Worthy accepts that he has naysayers. But he points out that he also has fans. “I have people walk up to me and say, ’Hey, you are that guy downtown. Keep doing what you’re doing,’” he says.
So goes the bizarre cult of anti-personality that sometimes plays out live each Tuesday night at city council. And a new proposal by local activist group Eye on Sacramento would give public commenters like Worthy more time in front of the dais each week.
Craig Powell, executive director of EOS, said that a his group analyzed nearly a decade of council meetings and discovered that during Mayor Kevin Johnson’s tenure, they’re shorter than ever.
As the report reads: “The average length of city council meetings over the past four years has been 2 [hours], 41 [minutes], down from 5 [hours], 24 [minutes] during the final four years of Heather Fargo’s tenure as mayor, a remarkable 50 [percent] reduction.”
The gatherings are briefer now, Powell explained, because council members tend to talk less among themselves during meetings and more behind the scenes or outside of meetings, and items are often removed from the discussion agenda to the consent calendar (where they are up-down voted on without debate).
“And I think that the current mayor probably does not enjoy those meetings as much as his predecessor,” he added.

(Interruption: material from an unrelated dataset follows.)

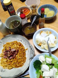 翌日のランチは冷凍のボロネーゼ。サラダが何やらシーザーサラダ風。サニーレタス、ブロッコリー、ミニトマト。それに謎の白い物体。チーズの欠片でもない。豆腐でした。和風ということで、醤油ベースに白ごま、ごま油、酢のお手製ドレッシングで頂きました。
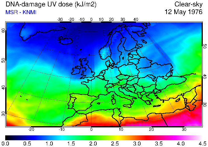 DNA-damage UV dose of 12 May 1976

Maybe this was why, a few years back, council voted to lower the amount of time the public was allowed to speak from three minutes to two. The goal here was to keep the meetings moving. Yet, according to the EOS study, this trim only saved an average of 21 minutes each meeting.
“And it has really degraded the quality of the public comments,” Powell argued.
The EOS proposal asks that the public be permitted three minutes of comment for most council items—but with the caveat that there’s a cap on the total amount of minutes allowed.
“We call this the ’Mac Worthy Rule,’” he said.
Worthy himself likes the idea.
“A lot of kids come up to me and say, ’You got to slow down with your talking, we don’t understand what you’re saying,’” he told SN&R. “That’s actually why I need more time, because I can’t get everything in there. In Roseville, you get five minutes!”
At another recent council meeting, a woman taps Worthy on the shoulder. “Early bird,” she says. He looks up, smiles, then continues shuffling through a notebook while seated in an aisle seat of the second row. It’s more than a half-hour before the meeting’s start.
Tonight, there are few commenters, likely because there’s but one agenda item, an update on the Sacramento Kings situation. One praises the mayor and even sings, another rants about crack in Oak Park. And then there’s Worthy, blasting council over the prospect of using public money for private development.
That’s right: “Pimping the people.”
“Understand a pimp,” Worthy begins after the meeting, explaining his catchphrase. “What does a pimp do? Wait on his money. And that’s what the political people do. Wait on their money. They’re not doing anything.”
Is this why, ostensibly, there are fewer people interested in making public comments?
Powell, an on-off figure at council meetings for years, concedes that the public is seemingly less engaged with local government. “Yes, I think that’s true.
“But I think part of it is that people get discouraged when they go down to council and they have 120 seconds to make their case.”
Would an extra minute make a difference?